→ **Requirement**:
Make an exact copy of every entry below, with the pictures left out.
════════
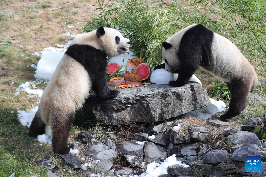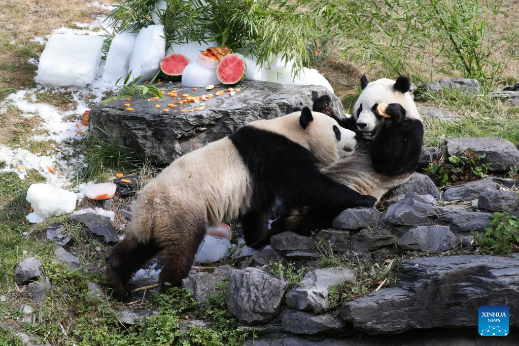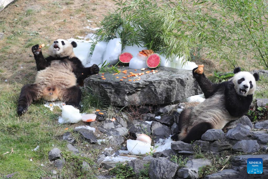 Giant panda twins "Bao Di" (L) and "Bao Mei" have birthday meal at the Pairi Daiza zoo in Brugelette, Belgium, Aug. 6, 2022. The celebration of the third birthday of the panda twins Bao Di and Bao Mei, born on Aug. 8, 2019 to Hao Hao and Xing Hui, was held at the Pairi Daiza zoo on Saturday. (Xinhua/Zheng Huansong)
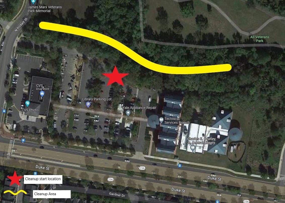 Participants will meet at the Charles Beatley Library parking lot at 5005 Duke Street for a sign-in and event briefing before walking to Holmes Run.
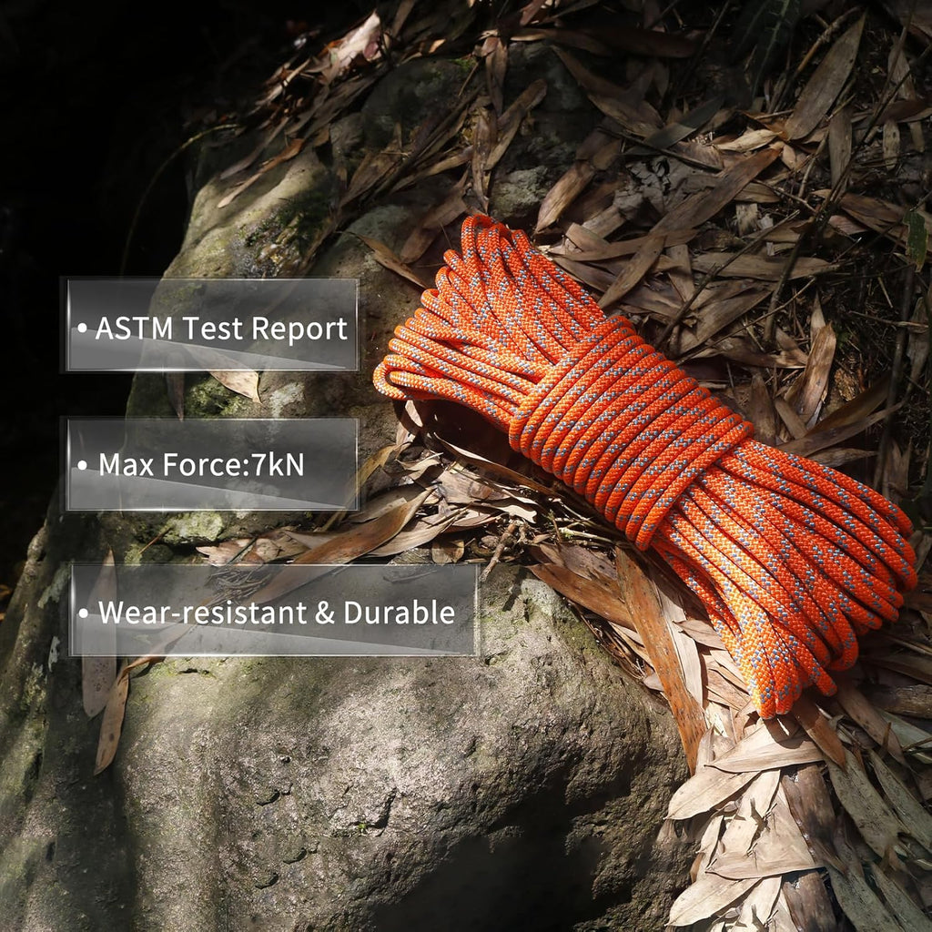 - [HIGH ABRASION RESISTANCE]: The static rope is made of double braid core, except for the inner core, the rope also has braided cover to protect the kernel, which makes the cord super more firm than normal. What's more, the rope is also easy to tie, which makes climbing more convenient and comfortable, bringing better outdoor experience.
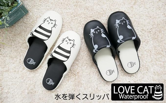 [オクムラ] LOVECAT猫ちゃんプリントソフトスリッパ (ホワイト)
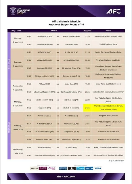 با تایید کنفدراسیون فوتبال آسیا، تراکتور در دیدار برگشت مرحله یکهشتم نهایی لیگ نخبگان آسیا در ورزشگاه ثانی بن جاسم قطر میزبان شبابالاهلی خواهد بود.
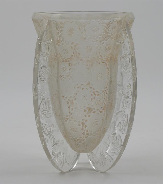 'Papillons' No.10-899 a Lalique clear and frosted glass vase with sepia staining to body
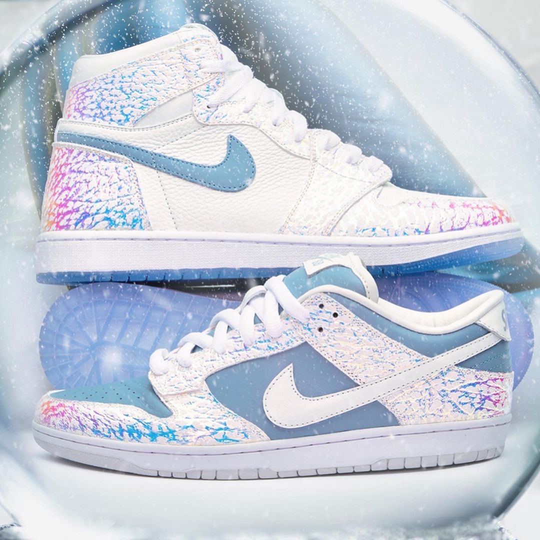 新作包含 Air Jordan 1、Dunk Low 和 Dunk High 三款鞋型,整体以白色和雾霾蓝色为主调。
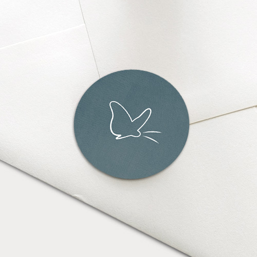 Blauwe sluitzegel met een vlinder. Deze sluitsticker is te gebruiken voor de envelop van het geboortekaartje.
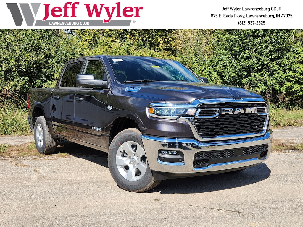 Jeff Wyler Chrysler Dodge Jeep of Lawrenceburg is delighted to offer this gorgeous-looking 2026 Ram 1500 Big Horn/Lone Star in Granite Crystal Metallic Clearcoat. Well equipped with: Quick Order Package 27Z Big Horn, 3 Rear Seat Head Restraints, 33 Gallon Fuel Tank, 4 Way Front Headrests, 4-Wheel Disc Brakes, 48V Belt Starter Generator, 4G LTE Wi-Fi Hot Spot, 6 Speakers, ABS brakes, Air Conditioning, Alloy wheels, AM/FM radio, Apple CarPlay, Apple CarPlay/Android Auto, Auto High-beam Headlights, Black Exterior Mirrors, Brake assist, Bucket Seats, Bumpers: chrome, Center Console Parts Module, Cloth Bucket Seats, Compass, Connectivity - US/Canada, Convex Wide-Angle Exterior Mirror Insert, Delay-off headlights, Driver door bin, Dual front impact airbags, Dual front side impact airbags, Electronic Stability Control, Exterior Mirrors w/Heating Element, Front anti-roll bar, Front Bucket Seats, Front Center Armrest w/Storage, Front fog lights, Front reading lights, Front wheel independent suspension, Full Length Floor Console, Fully automatic headlights, Global Telematics Box Module (TBM), Google Android Auto, GPS Antenna Input, Heated door mirrors, Illuminated entry, Integrated Center Stack Radio, Integrated Voice Command w/Bluetooth, Low tire pressure warning, Manual Adjust 4-Way Driver Seat, Manual Adjust 4-Way Front Passenger Seat, Manual Folding Exterior Mirrors, MOPAR Front & Rear Rubber Floor Mats, Occupant sensing airbag, Outside temperature display, Overhead airbag, Overhead console, Panic alarm, ParkView Rear Back-Up Camera, Passenger door bin, Passenger vanity mirror, Power door mirrors, Power steering, Power windows, Radio data system, Radio: Uconnect 5 W w/8.4" Display, RAM Grille Badge - Chrome, Rear anti-roll bar, Rear step bumper, Remote keyless entry, Speed control, Supplier Part Tracking (J-1), Tachometer, Telescoping steering wheel, Tilt steering wheel, Traction control, Trip computer, USB Host Flip, Variably intermittent wipers, Voltmeter, and Wheels: 18" x 8" Cast-Aluminum Painted.Wyler Family First Package Includes: NanoCure Appearance Protection: Exterior & Interior Chemical Sealant Applied to Protect Against Environmental Hazards (7 Year Warranty Coverage). Pulse- Rear end Collision Avoidance System Theft Deterrent Strategy gives you 5 Years of Coverage against vehicle Theft, Offering up to a $5,000 benefit. Used vehicles 10 years of age or newer with less than 100,000 miles are eligible for the Wyler Assurance Program, but eligible vehicles must pass our reconditioning process and multi-point inspection. Provided the vehicle passes inspection, vehicles will be eligible for the 6 month/6,000 mile limited warranty. The 6 month/6,000 mile limited warranty is NOT available on AS-IS vehicles, wholesale vehicles, lease buyback/pass-thru vehicles or un-inspected vehicles. Note that this program can also apply to vehicles where the remaining factory coverage is less than 6 months or 6,000 miles. Please check the Federal Trade Commission (FTC) Buyers guide on the vehicle for full details as to whether or not warranty coverage may apply. Contact Dealer for additional details.The Wyler Assurance 6 month/6,000 Mile limited warranty ends 6 months from the date of the Retail Purchase Agreement (BUYERS ORDER) or when the vehicle's odometer registers 6,000 additional miles to the mileage listed on the BUYERS ORDER, whichever comes first. Your Deductible - The warranty holder on your contract pays the first $100 of each covered repair. Price includes: $3500 - 2026 National Retail Consumer Cash . Exp. 11/03/2025
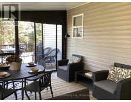 AIR BNB POTENTIAL! Experience Muskoka seasonal cottage living from May to October in this 2 bedroom, 1 bathroom upgraded mobile home unit! Nestled in a well treed quiet area of the Resort, perfect for family and friends. Close proximity to amenities, including a short walkor golf cart ride to the beautiful beach. The Lake is spring fed with a hard sand bottom. Upgrade/largescreen room for additional living space. Deck with BBQ/fire bowl and outdoor chairs for you and yourguests. A multitude of scheduled activities and events for all ages free of charge. Kayaks, canoes, andpaddle boards are available free for your use all season from May 1 to October 31. Resort fees include lawnmaintenance, hydro, sewers and water. You can choose to become part of the Resort Rental Program forthe times you are not using the cottage. All furnishings and appliances -television -bbq -Fully equipped Kitchen -All items required to be on the rental program,if you choose to do so, Dishwasher, Furniture, Gas Stove, Refrigerator, Bar Fridge in Screenroom, Outside patio table and 4 dining chairs, internet and two tvs, umbrella on outdoor dining table, fire pit and chairs. Click on the multimedia button below, for a virtual tour of the unit. (id:47351)
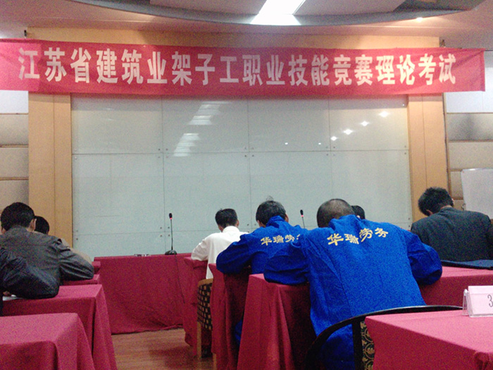 2010年11月2日,華瑞勞務(wù)公司4名腳手架搭設(shè)專業(yè)員工,代表我集團參加了由江蘇省總工會、省建工局、省人力資源和社會保障局共同組織舉辦的江蘇省建筑業(yè)腳手架搭設(shè)技能競賽的活動。
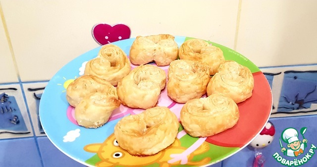 5. каждую полоску скатываем в рулетик, ножом надрезаем посередине и раскрываем печенье, как сердечко
════════
→ **Final answer**:
 Giant panda twins "Bao Di" (L) and "Bao Mei" have birthday meal at the Pairi Daiza zoo in Brugelette, Belgium, Aug. 6, 2022. The celebration of the third birthday of the panda twins Bao Di and Bao Mei, born on Aug. 8, 2019 to Hao Hao and Xing Hui, was held at the Pairi Daiza zoo on Saturday. (Xinhua/Zheng Huansong)
 Participants will meet at the Charles Beatley Library parking lot at 5005 Duke Street for a sign-in and event briefing before walking to Holmes Run.
 - [HIGH ABRASION RESISTANCE]: The static rope is made of double braid core, except for the inner core, the rope also has braided cover to protect the kernel, which makes the cord super more firm than normal. What's more, the rope is also easy to tie, which makes climbing more convenient and comfortable, bringing better outdoor experience.
 [オクムラ] LOVECAT猫ちゃんプリントソフトスリッパ (ホワイト)
 با تایید کنفدراسیون فوتبال آسیا، تراکتور در دیدار برگشت مرحله یکهشتم نهایی لیگ نخبگان آسیا در ورزشگاه ثانی بن جاسم قطر میزبان شبابالاهلی خواهد بود.
 'Papillons' No.10-899 a Lalique clear and frosted glass vase with sepia staining to body
 新作包含 Air Jordan 1、Dunk Low 和 Dunk High 三款鞋型,整体以白色和雾霾蓝色为主调。
 Blauwe sluitzegel met een vlinder. Deze sluitsticker is te gebruiken voor de envelop van het geboortekaartje.
 Jeff Wyler Chrysler Dodge Jeep of Lawrenceburg is delighted to offer this gorgeous-looking 2026 Ram 1500 Big Horn/Lone Star in Granite Crystal Metallic Clearcoat. Well equipped with: Quick Order Package 27Z Big Horn, 3 Rear Seat Head Restraints, 33 Gallon Fuel Tank, 4 Way Front Headrests, 4-Wheel Disc Brakes, 48V Belt Starter Generator, 4G LTE Wi-Fi Hot Spot, 6 Speakers, ABS brakes, Air Conditioning, Alloy wheels, AM/FM radio, Apple CarPlay, Apple CarPlay/Android Auto, Auto High-beam Headlights, Black Exterior Mirrors, Brake assist, Bucket Seats, Bumpers: chrome, Center Console Parts Module, Cloth Bucket Seats, Compass, Connectivity - US/Canada, Convex Wide-Angle Exterior Mirror Insert, Delay-off headlights, Driver door bin, Dual front impact airbags, Dual front side impact airbags, Electronic Stability Control, Exterior Mirrors w/Heating Element, Front anti-roll bar, Front Bucket Seats, Front Center Armrest w/Storage, Front fog lights, Front reading lights, Front wheel independent suspension, Full Length Floor Console, Fully automatic headlights, Global Telematics Box Module (TBM), Google Android Auto, GPS Antenna Input, Heated door mirrors, Illuminated entry, Integrated Center Stack Radio, Integrated Voice Command w/Bluetooth, Low tire pressure warning, Manual Adjust 4-Way Driver Seat, Manual Adjust 4-Way Front Passenger Seat, Manual Folding Exterior Mirrors, MOPAR Front & Rear Rubber Floor Mats, Occupant sensing airbag, Outside temperature display, Overhead airbag, Overhead console, Panic alarm, ParkView Rear Back-Up Camera, Passenger door bin, Passenger vanity mirror, Power door mirrors, Power steering, Power windows, Radio data system, Radio: Uconnect 5 W w/8.4" Display, RAM Grille Badge - Chrome, Rear anti-roll bar, Rear step bumper, Remote keyless entry, Speed control, Supplier Part Tracking (J-1), Tachometer, Telescoping steering wheel, Tilt steering wheel, Traction control, Trip computer, USB Host Flip, Variably intermittent wipers, Voltmeter, and Wheels: 18" x 8" Cast-Aluminum Painted.Wyler Family First Package Includes: NanoCure Appearance Protection: Exterior & Interior Chemical Sealant Applied to Protect Against Environmental Hazards (7 Year Warranty Coverage). Pulse- Rear end Collision Avoidance System Theft Deterrent Strategy gives you 5 Years of Coverage against vehicle Theft, Offering up to a $5,000 benefit. Used vehicles 10 years of age or newer with less than 100,000 miles are eligible for the Wyler Assurance Program, but eligible vehicles must pass our reconditioning process and multi-point inspection. Provided the vehicle passes inspection, vehicles will be eligible for the 6 month/6,000 mile limited warranty. The 6 month/6,000 mile limited warranty is NOT available on AS-IS vehicles, wholesale vehicles, lease buyback/pass-thru vehicles or un-inspected vehicles. Note that this program can also apply to vehicles where the remaining factory coverage is less than 6 months or 6,000 miles. Please check the Federal Trade Commission (FTC) Buyers guide on the vehicle for full details as to whether or not warranty coverage may apply. Contact Dealer for additional details.The Wyler Assurance 6 month/6,000 Mile limited warranty ends 6 months from the date of the Retail Purchase Agreement (BUYERS ORDER) or when the vehicle's odometer registers 6,000 additional miles to the mileage listed on the BUYERS ORDER, whichever comes first. Your Deductible - The warranty holder on your contract pays the first $100 of each covered repair. Price includes: $3500 - 2026 National Retail Consumer Cash . Exp. 11/03/2025
 AIR BNB POTENTIAL! Experience Muskoka seasonal cottage living from May to October in this 2 bedroom, 1 bathroom upgraded mobile home unit! Nestled in a well treed quiet area of the Resort, perfect for family and friends. Close proximity to amenities, including a short walkor golf cart ride to the beautiful beach. The Lake is spring fed with a hard sand bottom. Upgrade/largescreen room for additional living space. Deck with BBQ/fire bowl and outdoor chairs for you and yourguests. A multitude of scheduled activities and events for all ages free of charge. Kayaks, canoes, andpaddle boards are available free for your use all season from May 1 to October 31. Resort fees include lawnmaintenance, hydro, sewers and water. You can choose to become part of the Resort Rental Program forthe times you are not using the cottage. All furnishings and appliances -television -bbq -Fully equipped Kitchen -All items required to be on the rental program,if you choose to do so, Dishwasher, Furniture, Gas Stove, Refrigerator, Bar Fridge in Screenroom, Outside patio table and 4 dining chairs, internet and two tvs, umbrella on outdoor dining table, fire pit and chairs. Click on the multimedia button below, for a virtual tour of the unit. (id:47351)
 2010年11月2日,華瑞勞務(wù)公司4名腳手架搭設(shè)專業(yè)員工,代表我集團參加了由江蘇省總工會、省建工局、省人力資源和社會保障局共同組織舉辦的江蘇省建筑業(yè)腳手架搭設(shè)技能競賽的活動。
 5. каждую полоску скатываем в рулетик, ножом надрезаем посередине и раскрываем печенье, как сердечко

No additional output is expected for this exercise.